For amino acid sequences, the BLASTP program uses as defaults a
wordlength (W) of 3, an expectation (E) of 10, and the BLOSUM62
scoring matrix (see Henikoff & Henikoff, Proc. Natl. Acad. Sci.
USA 89:10915 (1989)).
[0099] In addition to calculating percent sequence identity, the
BLAST algorithm also performs a statistical analysis of the
similarity between two sequences (see, e.g., Karlin & Altschul,
Proc. Natl. Acad. Sci. USA 90:5873-5787 (1993)). One measure of
similarity provided by the BLAST algorithm is the smallest sum
probability (P(N)), which provides an indication of the probability
by which a match between two nucleotide or amino acid sequences
would occur by chance.
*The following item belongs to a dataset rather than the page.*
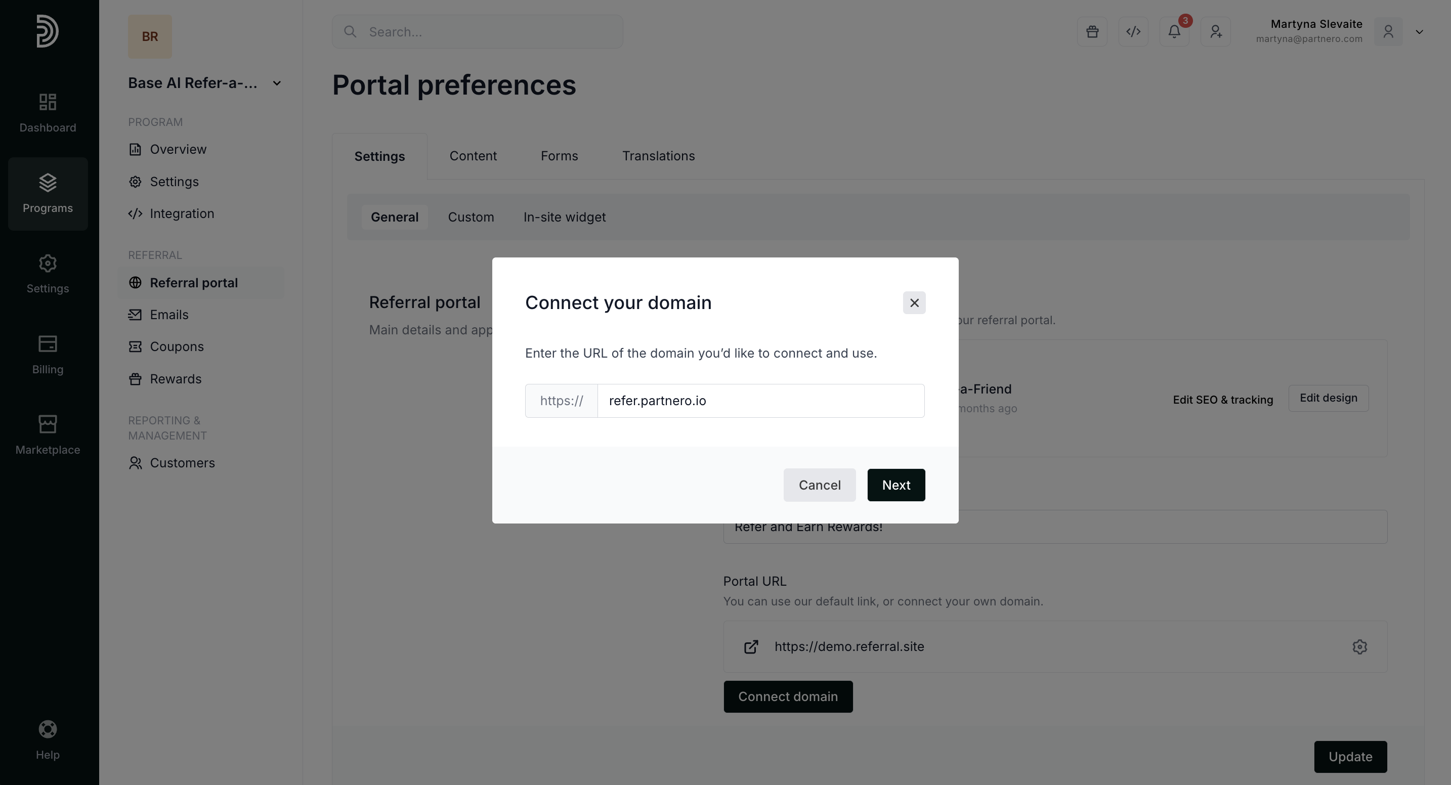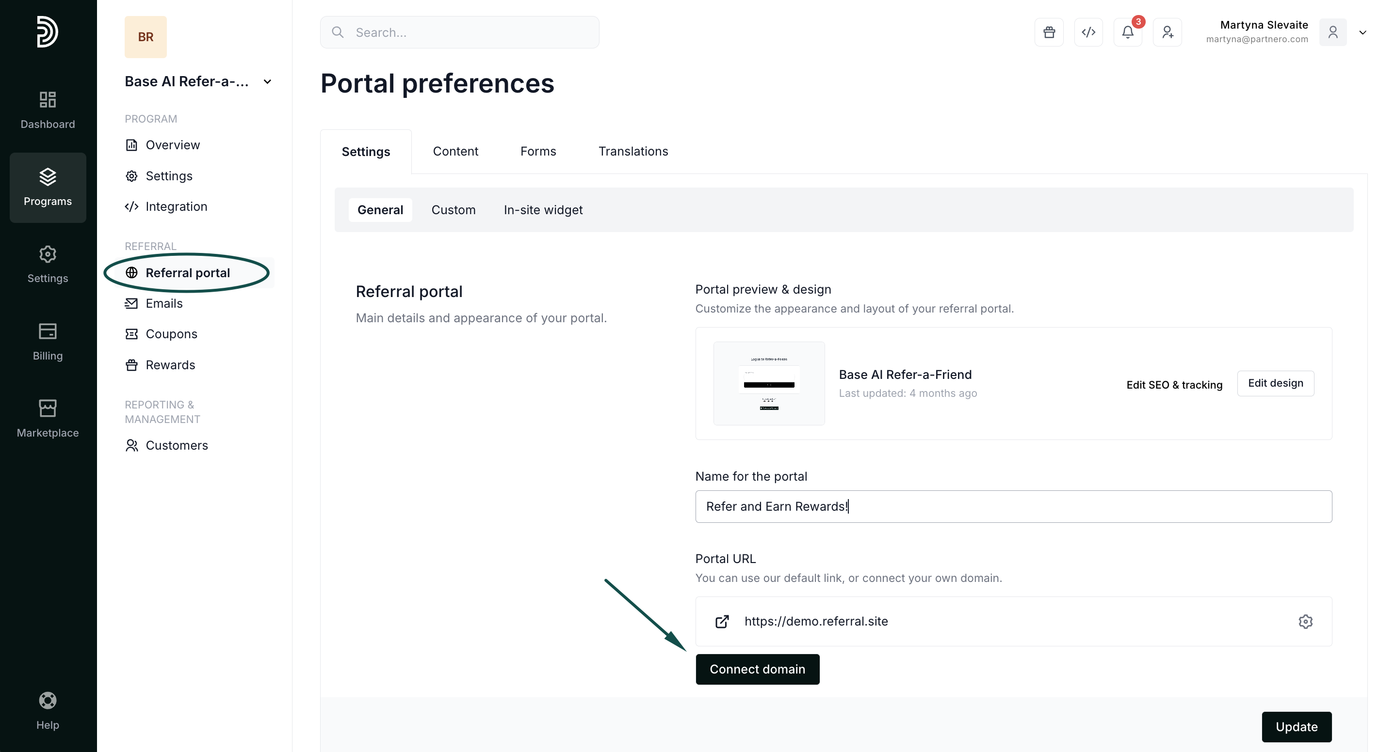 - In the Settings tab, click Connect domain next to the Referral portal URL:

For example, a nucleic acid is considered
similar to a reference sequence if the smallest sum probability in
a comparison of the test nucleic acid to the reference nucleic acid
is less than about 0.1, more preferably less than about 0.01, and
most preferably less than about 0.001.
[0100] A further indication that two nucleic acid sequences or
polypeptides are substantially identical is that the polypeptide
encoded by the first nucleic acid is immunologically cross reactive
with the polypeptide encoded by the second nucleic acid, as
described below. Thus, a polypeptide is typically substantially
identical to a second polypeptide, for example, where the two
peptides differ only by conservative substitutions. Another
indication that two nucleic acid sequences are substantially
identical is that the two molecules hybridize to each other under
stringent conditions.
[0101] The term "naturally-occurring" is used to describe an object
that can be found in nature. For example, a polypeptide or
polynucleotide sequence that is present in an organism (including
viruses) that can be isolated from a source in nature and which has
not been intentionally modified by man in the laboratory is
naturally-occurring. Generally, the term naturally-occurring refers
to an object as present in a non-pathological (undiseased)
individual, such as would be typical for the species.
[0102] Asexual recombination is recombination occurring without the
fusion of gametes to form a zygote.
[0103] A "mismatch repair deficient strain" can include any mutants
in any organism impaired in the functions of mismatch repair. These
include mutant gene products of mutS, mutT, mutH, mutL, ovrD, dcm,
vsr, umuC, umuD, sbcB, recJ, etc. The impairment is achieved by
genetic mutation, allelic replacement, selective inhibition by an
added reagent such as a small compound or an expressed antisense
RNA, or other techniques. Impairment can be of the genes noted, or
of homologous genes in any organism.
[0104] III. Variations
[0105] A. Coating Fragments with RECA Protein
[0106] The frequency of homologous recombination between library
fragments and cognate endogenous genes can be increased by coating
the fragments with a recombinogenic protein before introduction
into cells. See Pati et al., Molecular Biology of Cancer 1, 1
(1996); Sena & Zarling, Nature Genetics 3, 365 (1996); Revet et
al., J. Mol. Biol. 232, 779-791 (1993); Kowalczkowski & Zarling
in Gene Targeting (CRC 1995), Ch. 7. The recombinogenic protein
promotes homologous pairing and/or strand exchange. The best
characterized recA protein is from E. coli and is available from
Pharmacia (Piscataway, N.J.). In addition to the wild-type protein,
a number of mutant recA-like proteins have been identified (e.g.,
recA803). Further, many organisms have recA-like recombinases with
strand-transfer activities (e.g., Ogawa et al., Cold Spring Harbor
Symposium on Quantitative Biology 18, 567-576 (1993); Johnson &
Symington, Mol. Cell. Biol. 15, 4843-4850 (1995); Fugisawa et al.,
Nucl. Acids Res. 13, 7473 (1985); Hsieh et al., Cell 44, 885
(1986); Hsieh et al., J. Biol. Chem. 264, 5089 (1989); Fishel et
al., Proc. Natl. Acad. Sci. USA 85, 3683 (1988); Cassuto et al.,
Mol. Gen. Genet. 208, 10 (1987); Ganea et al., Mol. Cell Biol. 7,
3124 (1987); Moore et al., J. Biol. Chem. 19, 11108 (1990); Keene
et al., Nucl. Acids Res. 12, 3057 (1984); Kimiec, Cold Spring
Harbor Symp. 48, 675 (1984); Kimeic, Cell 44, 545 (1986); Kolodner
et al., Proc. Natl. Acad. Sci. USA 84, 5560 (1987); Sugino et al.,
Proc. Natl. Acad. Sci. USA 85, 3683 (1985); Halbrook et al., J.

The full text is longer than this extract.